2) La Charte s'applique aux décisions administratives qui sont prises en vertu d'un pouvoir prévu par la loi. En l'espèce, il n'y avait pas de politique de sélection à appliquer à la mise en candidature de l'appelant et aux circonstances, mais la décision contestée a été prise en vertu d'un pouvoir délégué prévu par la loi. En vertu de la Loi sur la défense nationale, le CEMD assure la direction et la gestion des Forces canadiennes. Les Ordonnances et règlements royaux applicables aux Forces canadiennes servent de fondement à la délégation du pouvoir du CEMD en faveur de divers officiers. Par conséquent, tous les officiers en cause dans le processus d'examen de la candidature de l'appelant agissaient conformément au pouvoir légal que possède le CEMD de diriger et de gérer les Forces canadiennes. Partant, la décision de ne pas nommer l'appelant au poste d'AA est assujettie à un examen en vertu de l'article 15 de la Charte.

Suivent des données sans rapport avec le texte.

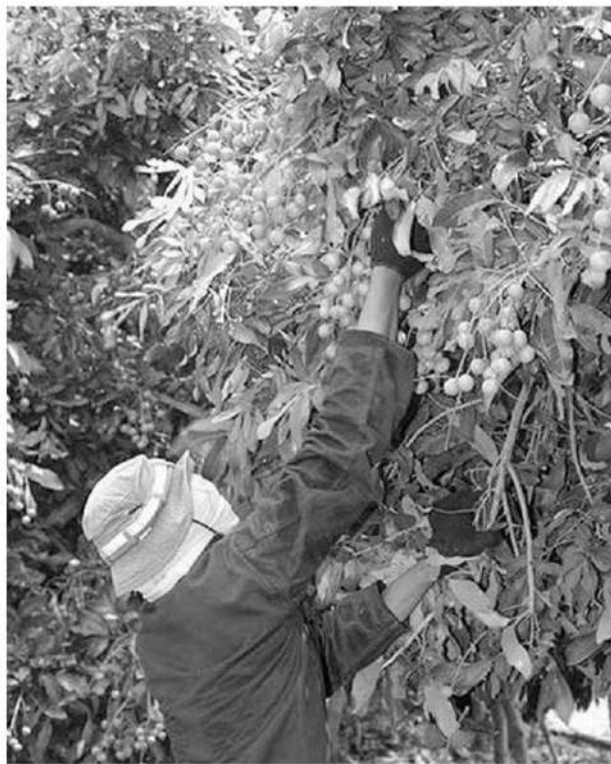
และหากรัฐยังแก้ไม่ได้เชื่อว่าตลาด ผลไม้ไทยมีปัญหาแน่" ดร.รัฐวิทย์ กล่าว.

หัวข้อข่าว: นายกส.คำชายแดนฯชี้ แก้ปัญหาส่งออกผลไม้ไปจีนไม่ได้เสียหายนับหมื่นล้านบาท
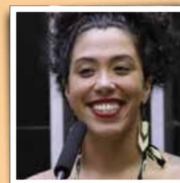
Talíria Petrone Rio de Janeiro

Institui a Política Nacional de Promoção de Parto Humanizado, Digno e Respeitoso.
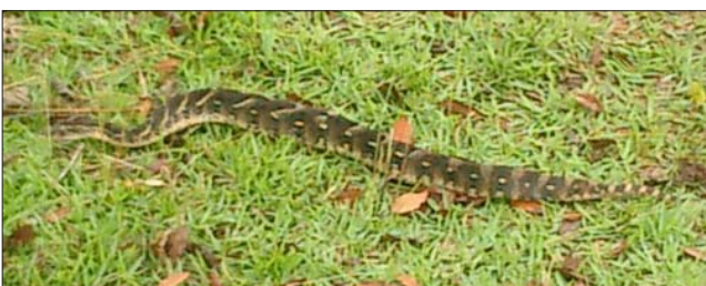
Tahle zmije, byla záhy zkonsumována hladovými vesničany. Považují ji za opravdovou lahůdku!
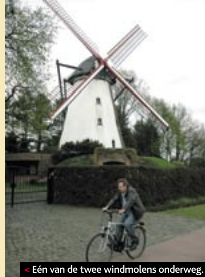
< Eén van de twee windmolens onderweg.

arme Kempense zandgrond vruchtbaar te maken. Het kanaal staat in verbinding met de Maas. Via die stroom zou kalkrijk water uit de Ardennen naar de Kempen gevoerd worden. Om er de akkers mee te bevoelen. Het plan mislukte grotendeels. Het zou wachten zijn op de kunstmest. Sindsdien – vanaf circa 1850 – werd de Kempengrond voetje voor voetje eindelijk vruchtbaarder. En hoe! De brede vallei van de Kleine Nete strekt zich voor ons uit als een wijds groen bijlaktak. Weiden en akkers wisselen elkaar af. Grote kudden koeien rukken aan mals-groen gras. De zandige akkerbodem is omgeploegd, bemest en ingezaaid. Hier hoeft je al lang niet meer tegen een wortel te praten om hem te laten groeien. In het ooit arme land is het vandaag goed boeren en heerlijk fietsen. Tientallen fietsers groetten we op deze rustige landwegels tussen Geel en Kasterlee. De eerlijke boerenstiel en het gezond genieten op de fiets
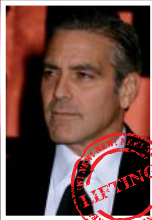
George Clooney
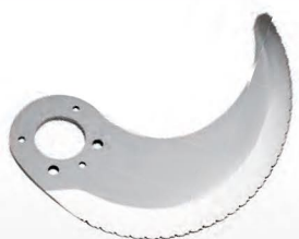
■ Couteau à découper les os
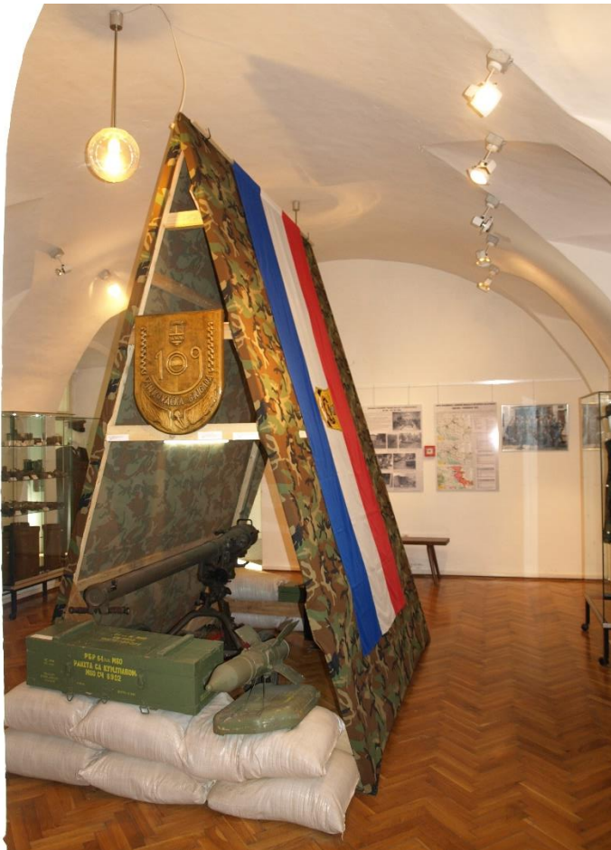
Slika 12. Detalj izložbe Vinkovci i okolica u Domovinskom ratu
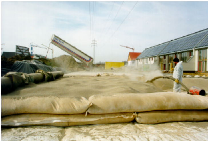
Abb. 8 - Einblasen der Deckenwärmedämmung aus dem Silo-LKW
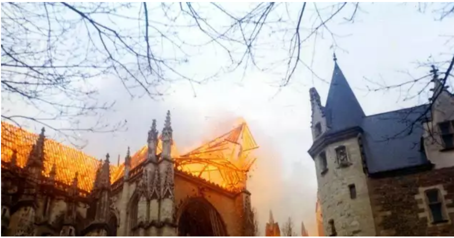
L'incendie a fait de gros dégâts.
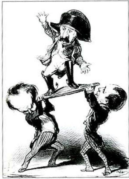
[도판12] 「빅토르 위고와 에밀 자르맹은 루이 왕자를 받들고자 하나 받침이 시원찮다」, 1848년, 석판화
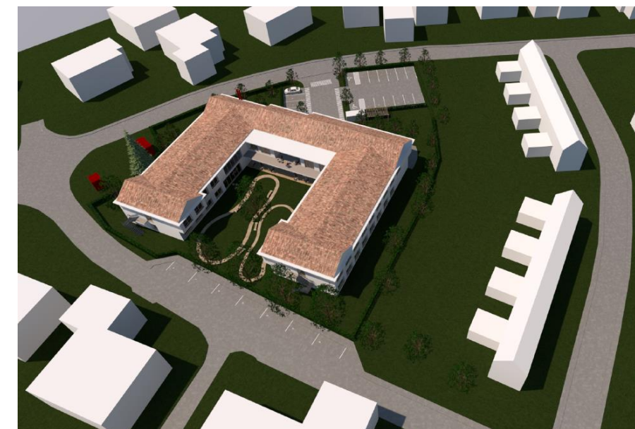
Slika 5: Prostorski prikaz območja
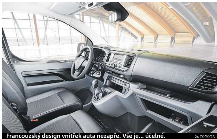
Francouzský design vnitřek auta nezapře. Vše je... účelné.
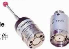
各模块的测针建议使用长度如下:
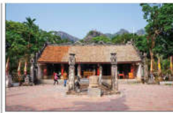
11 ĐÌNH BỒ LÍNH (s = 357m2)
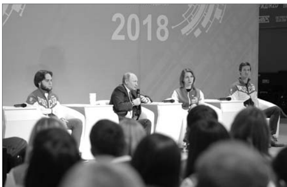
● Владимир Путин принял участие в Шестом Всероссийском форуме рабочей молодёжи, который собрал более трёхсот делегатов из 38 регионов России

ждет территория в 555 гектаров на берегу Верх-Исетского пруда. Глава государства пожелал успеха заявке Екатеринбурга на проведение выставки.
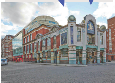
改修されたミシュランビル(レストラン「ピバンダム」とザ・コンランショップ 1987年改修)
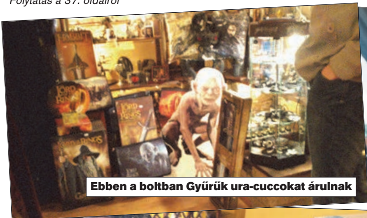
Ebben a boltban Gyűrűk ura-cuccokat árulnak
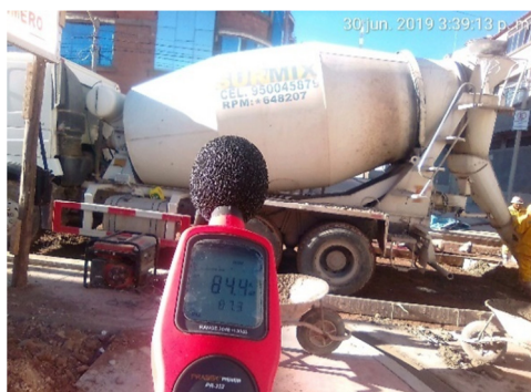
c) Monitoreo de camión mixer
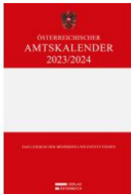
Österreichischer Amtskalender 2023/2024 Ladenpreis: 328,00EUR
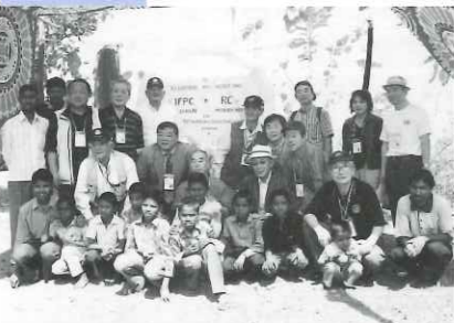
水資源確保の海外支援

On a satisfait aux trois éléments de l'analyse relative au paragraphe 15(1): les décideurs qui examinaient la candidature de l'appelant ont fait une distinction entre celui-ci et les autres membres des Forces canadiennes, et l'ont assujetti à un traitement différent en raison d'une caractéristique personnelle--sa religion, ce qui constituait de la discrimination au sens constitutionnel du terme. Sur la base du témoignage de l'appelant, la décision avait des répercussions profondes sur la dignité humaine de l'appelant, soit la chose même que le paragraphe 15(1) vise à protéger. Les intimés concèdent qu'il a été porté atteinte à la dignité de l'appelant au sens subjectif du terme et n'ont pas pu expliquer pourquoi l'élément objectif de l'analyse de la question de savoir si on a porté atteinte à la dignité de l'appelant n'avait pas été prouvé. Tout observateur raisonnable se trouvant dans une situation similaire conclurait que la façon dont l'appelant a été traité portait atteinte à sa dignité.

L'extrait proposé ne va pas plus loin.